Conway and Guy write further that C and D just happened to be the initial letters of the latin words “centum” and “mille” by coincidence.
IIRC the Romans never did arithmetic in their numeral system, rather they used something like an abacus or a large squareruled tablet on which they moved stones (calculi), then transcribed the result to writing.
After reading the comments — particularly about what Roman numerals actually supplanted — it looks like next week’s topic should be “Why didn’t the Romans ride bicycles like we do?”
See this entry and its links for more, and this Mathworld entry for further details.
It might be observed that it was possible to raise the value of a group of numbers using vinculi or boxes, multiplying the group by 1000 or 100,000, respectively. Also, it seems like it would be easy to chisel all Roman numerals in stone: No curves.

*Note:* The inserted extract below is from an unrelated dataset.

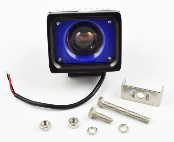 Speciális munkalámpa nagyon erős KÉK fénnyel, felrögzítést biztosító szerelvénycsomaggal együtt.
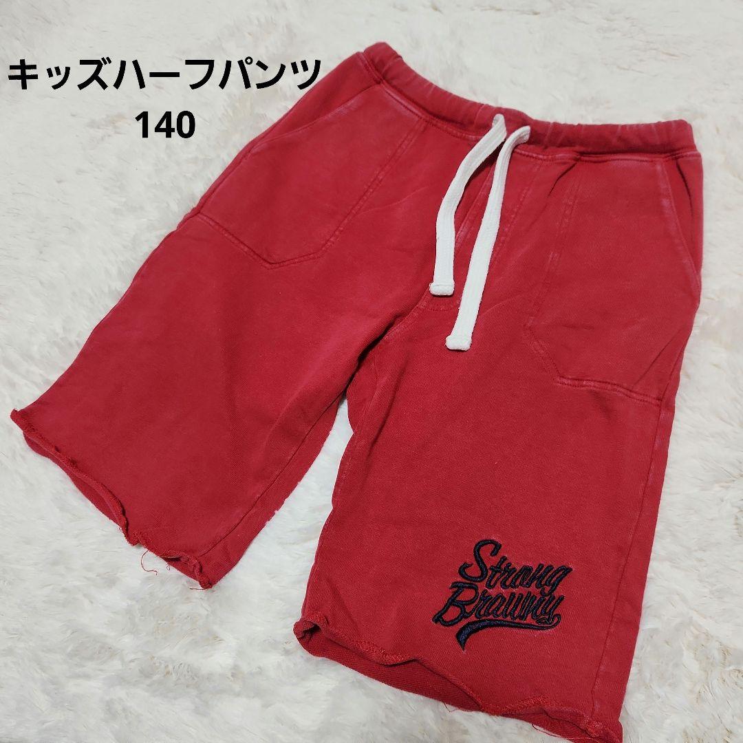 ダメージ加工キッズハーフパンツ 赤 140刺繍

I’ve always been a little disappointed that my first name includes the trailing ‘e’… 🙂
Thanks for the repost, I thoroughly enjoyed it! I hadn’t played with binary multiplication before – fun stuff.
Odd that you mention clocks without “IV”. I don’t think I’ve ever seen one with “IIII”. Is the latter form perhaps an American thing? A dumbingdown type thing?
I have read that the prefixsubtraction thing was inconsistently applied by the Romans.
For example, I learnt (in school, I think — god knows why) that “XLIX” is 49, and “IL” is incorrect. But a Roman might have written IL. Or he might have written XXXXIX, or XXXXVIIII. Which is fair enough, I guess — everyone knows how to read it, so no big problem.
The original Roman symbol for 1000 was not M but (I) and I) for 500. For 10 000 they used ((I)) and I)) for 5 000, for 100 000 (((I))) and I))) and so on and so forth.
why on earth would anyone feel obliged to figure out how to adapt a pointlessly complex, anachronistic number system to work with larger numbers?
A really long outline?
As others have mentioned, “D” is half of an “M”, split down the middle vertically (for properly stylized “M”).
Also, “L” is half of a “C”, if you write the “C” like you are carving in stone (straight lines, no curves) and split it down the middle horizontally.
Similarly, “V” is half of an “X”, split down the middle horizontally.
Are those roman numerals still used for so many things today?